[Dataset items]
________________________
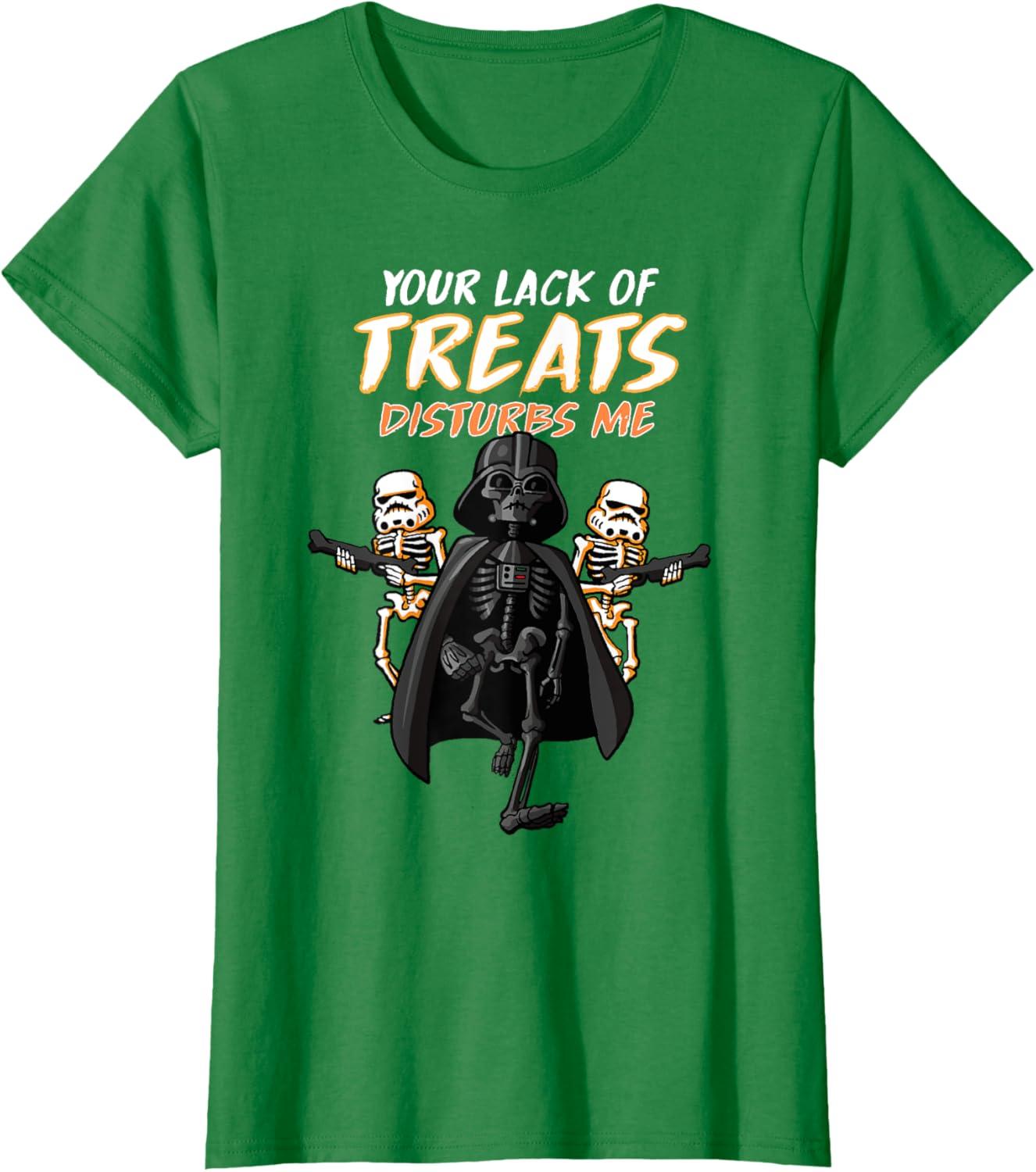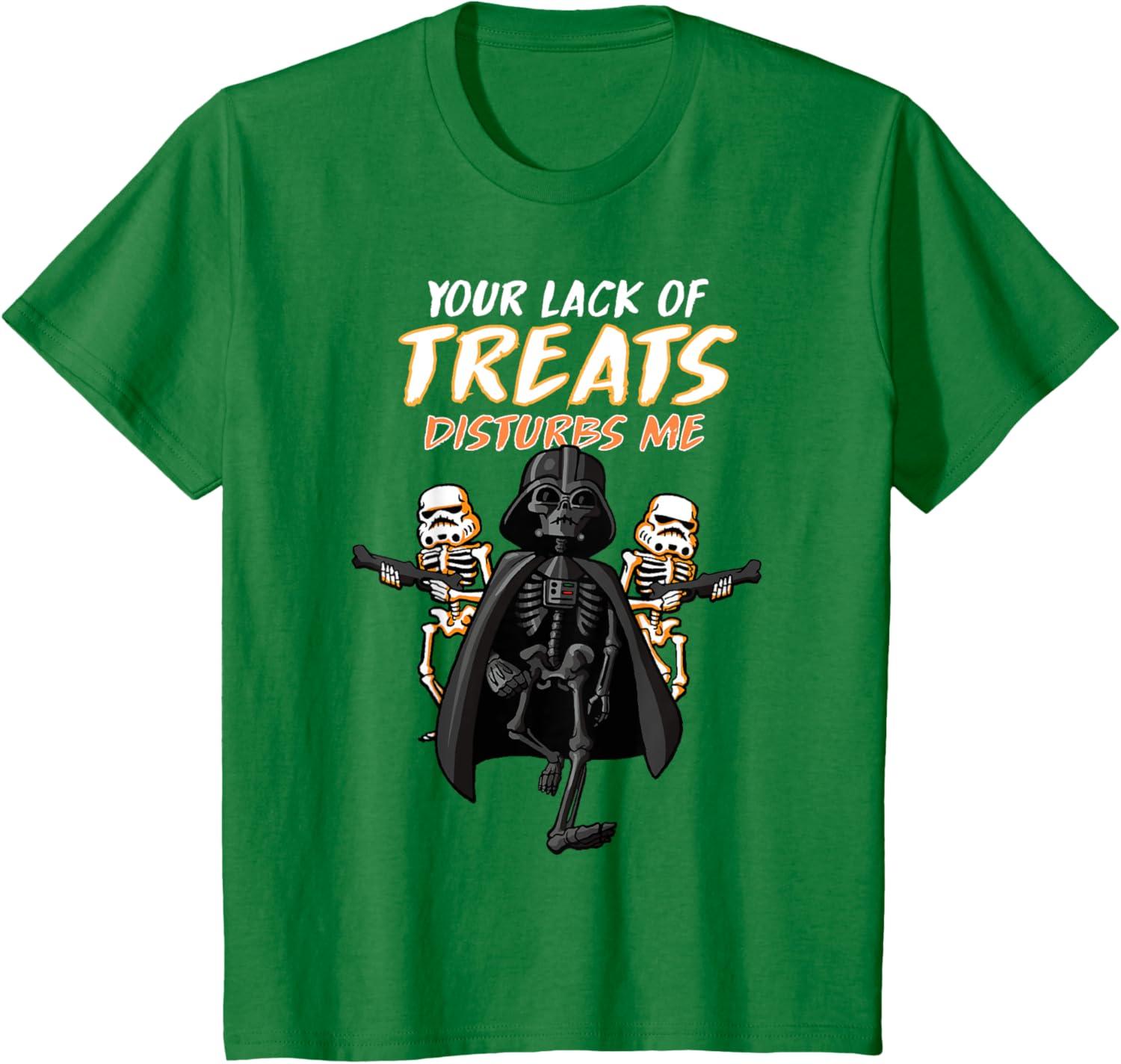 Command all the candy in the galaxy with every wear of this Halloween Star Wars top. Featuring a trio of skeletal Imperial forces, including Darth Vader with a festive take on his famous line, “Your Lack Of Treats Disturbs Me,” this Halloween top makes a spooky style statement. This Star Wars design is available on a t-shirt, tank top, long sleeve tee, and sweatshirt! Planning a trip to Disney Parks and Resorts? Whether it's Disneyland or Walt Disney World, get ready for Star Wars: Galaxy's Edge with a Star Wars tee for you or matching tops for the whole family.
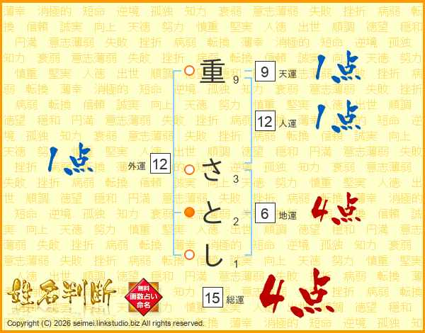 あなたの人生を表す1番重要な運勢です。生涯を通じて影響する総合運となり、主に50歳以降の晩年期に影響を及ぼします。苗字と名前の合計画数。
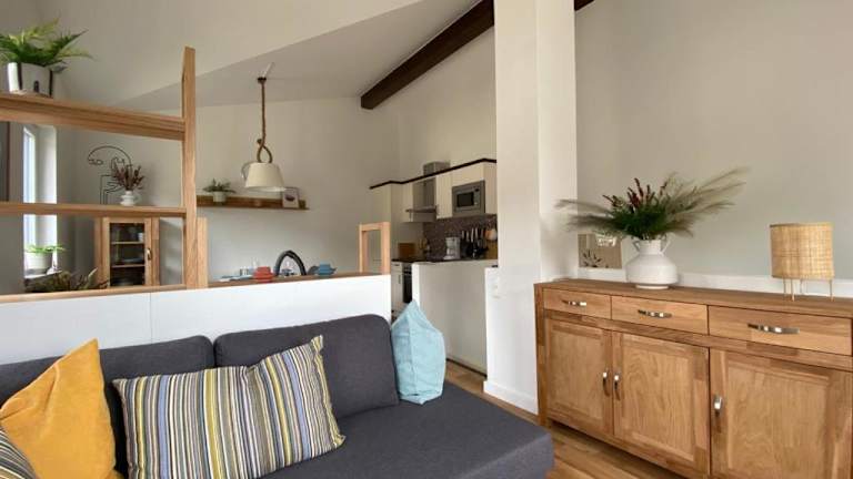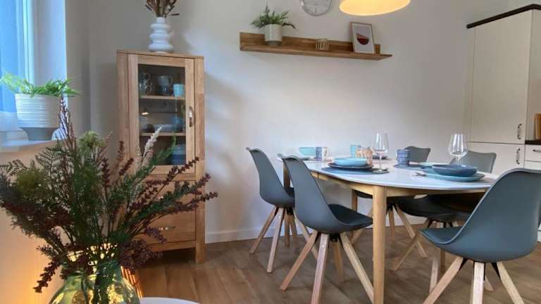 Die Ferienwohnung ist mit einer voll ausgestatteten Küche versehen, die einen Kühlschrank und einen Geschirrspüler beinhaltet. Es sind keine speziellen Verpflegungsoptionen oder gastronomischen Dienstleistungen erwähnt.
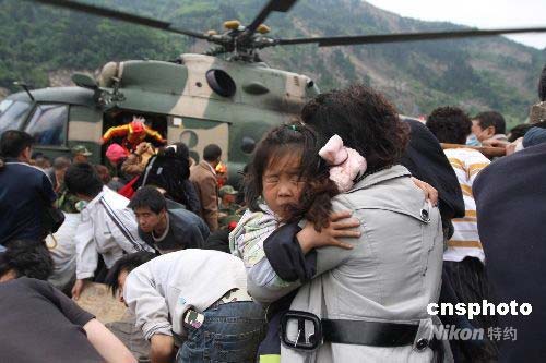 圖:軍用直升機(jī)直落映秀鎮(zhèn)搶救災(zāi)民
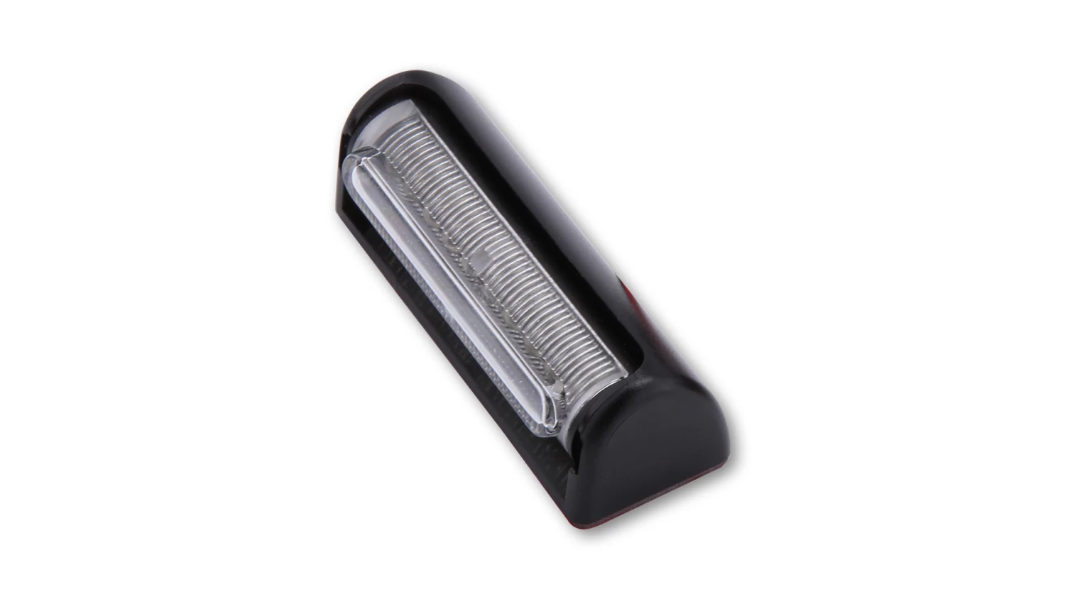 The LED taillight with black housing and clear glass is attached by self-adhesive film. The beam angle can be adjusted several times by means of a grub screw on the side, E-tested.
________________________
• Exercise prompt
What is the exact wording of the lines from the one bearing "圖:軍用直升機(jī)直落映秀鎮(zhèn)搶救災(zāi)民" through the final line of the records above? Write it out without the pictures.

• Response area
 圖:軍用直升機(jī)直落映秀鎮(zhèn)搶救災(zāi)民
 The LED taillight with black housing and clear glass is attached by self-adhesive film. The beam angle can be adjusted several times by means of a grub screw on the side, E-tested.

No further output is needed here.